Halaman Author
Kontrol semua karyamu pada halaman author, kamu bisa memublikasikan karya baru atau mengatur karyamu dengan mudah dalam satu tempat.
Cerpen
Religi
Tangan yang Tak Terlihat
0
Suka
50
Dibaca
Cerpen ini masih diperiksa oleh kurator

Intan menatap kosong ke langit kelabu di balik jendela kecil ruang tamu kontrakannya. Hujan turun pelan, menetes di sela-sela daun yang bergoyang tertiup angin. Suara gemericik itu terasa seperti irama yang mengiringi suasana hatinya yang sendu. Satu minggu terakhir ini, hidupnya berputar dalam lingkaran kelabu yang tak kunjung usai.

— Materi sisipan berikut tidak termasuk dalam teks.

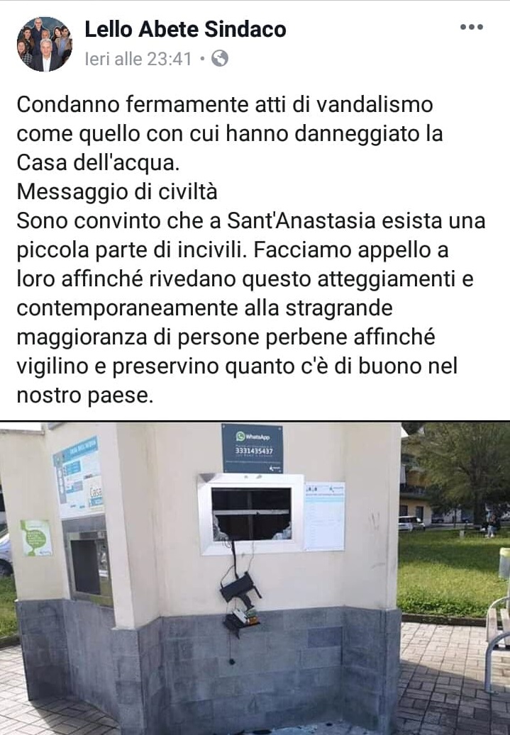 Questo il commento del Sindaco di Sant'Anastasia Lello Abete riguardo all'episodio vandalico accaduto nella notte.
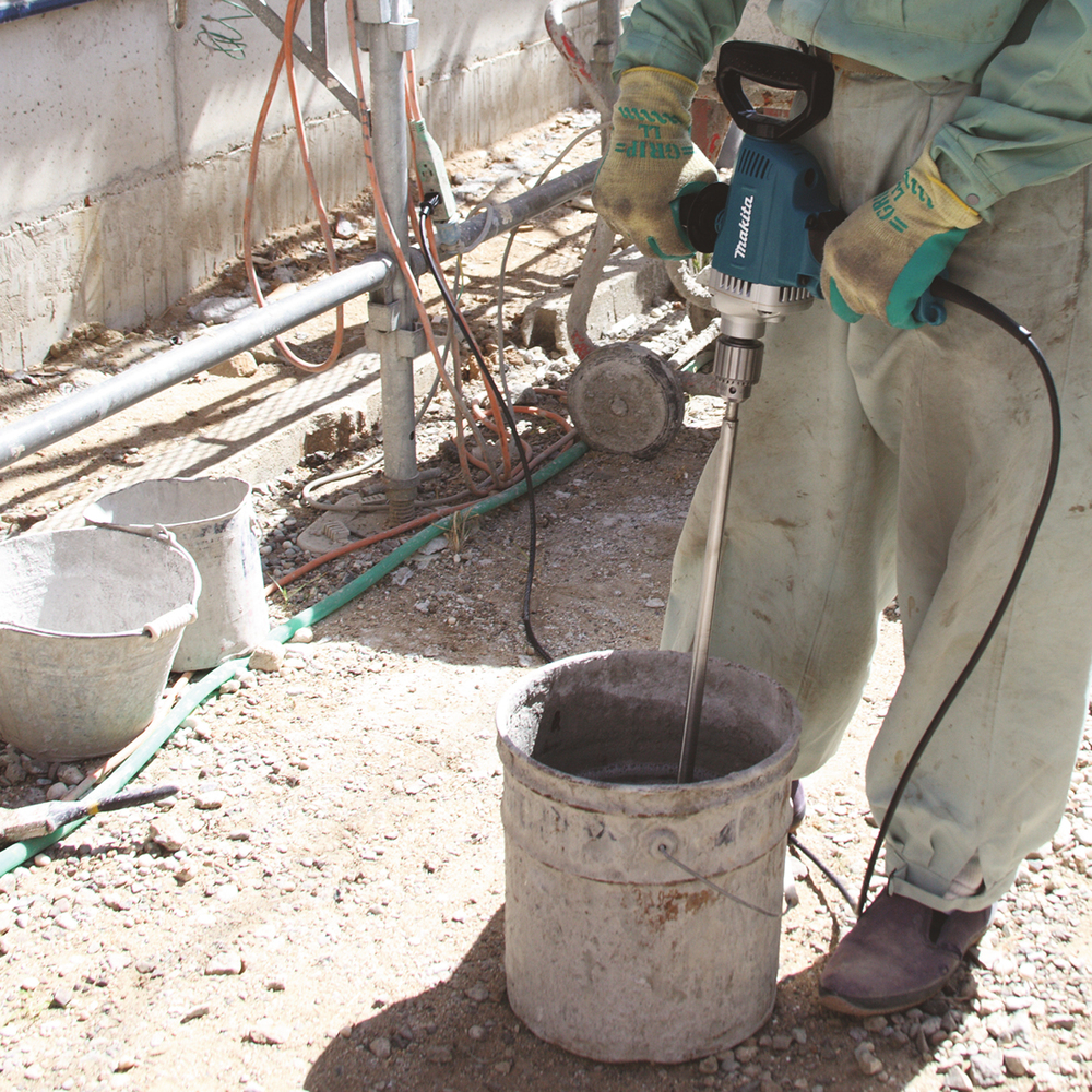 A robust, low-speed drill for material mixing. Turning handle design to protect the operator’s wrist if the blade gets stuck. A variable speed dial for adjusting the flow rate and direction. Suitable for large drill bits and for mixing.
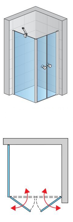 SanSwiss Divera D22T2 Drzwi Prysznicowe Wahadłowe Dwuczęściowe Chrom 70x200 cm Szkło...

Beberapa hari lalu, Intan kehilangan pekerjaannya di toko kelontong tempat ia bekerja selama tiga tahun. Bosnya bilang toko harus tutup karena sepi pembeli dan utang menumpuk. Intan tahu, tidak ada yang bisa disalahkan selain keadaan yang semakin sulit. Tapi hati kecilnya tak bisa menahan perasaan hampa yang semakin mengganjal.

Sementara itu, suaminya, Arif, memutuskan pergi tanpa pesan. Tak ada kata pamit, tak ada alasan yang jelas. Intan hanya menemukan sebuah pesan singkat di ponsel yang membuatnya bertambah terpuruk: "Maaf, aku butuh waktu sendiri."

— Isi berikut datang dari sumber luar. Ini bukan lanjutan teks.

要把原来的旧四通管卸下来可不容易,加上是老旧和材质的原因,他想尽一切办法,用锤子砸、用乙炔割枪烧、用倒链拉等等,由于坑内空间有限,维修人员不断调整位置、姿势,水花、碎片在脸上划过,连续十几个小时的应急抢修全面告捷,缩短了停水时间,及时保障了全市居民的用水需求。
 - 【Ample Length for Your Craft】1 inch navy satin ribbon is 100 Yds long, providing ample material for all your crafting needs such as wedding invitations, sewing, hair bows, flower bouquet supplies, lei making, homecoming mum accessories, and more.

Kini, Intan harus berjuang sendiri, menghidupi dirinya dan anak kecilnya, Dita, yang baru saja memasuki usia tujuh tahun. Dengan gaji seadanya dan tabungan yang mulai menipis, setiap hari adalah perjuangan agar Dita tetap bisa sekolah dan makan dengan layak.

Meski lelah, Intan tak pernah menunjukkan kelemahannya di depan Dita. Ia tahu, anaknya masih terlalu kecil untuk ikut merasakan beban hidup yang berat. Maka, setiap pagi, dengan senyum yang dipaksakan, Intan membangunkan Dita, menyiapkan sarapan seadanya, dan mengantar sekolah meski langkahnya berat.

Suatu sore, ketika hujan mulai reda, Intan bergegas pulang dari pasar kecil tempat ia berjualan kue keliling. Ia membawa tas plastik berisi beberapa potong kue dan sisa bahan masakan yang belum habis. Dalam perjalanan, langkahnya terasa semakin lelah. Ia duduk sejenak di bangku taman yang sepi, menghela napas panjang.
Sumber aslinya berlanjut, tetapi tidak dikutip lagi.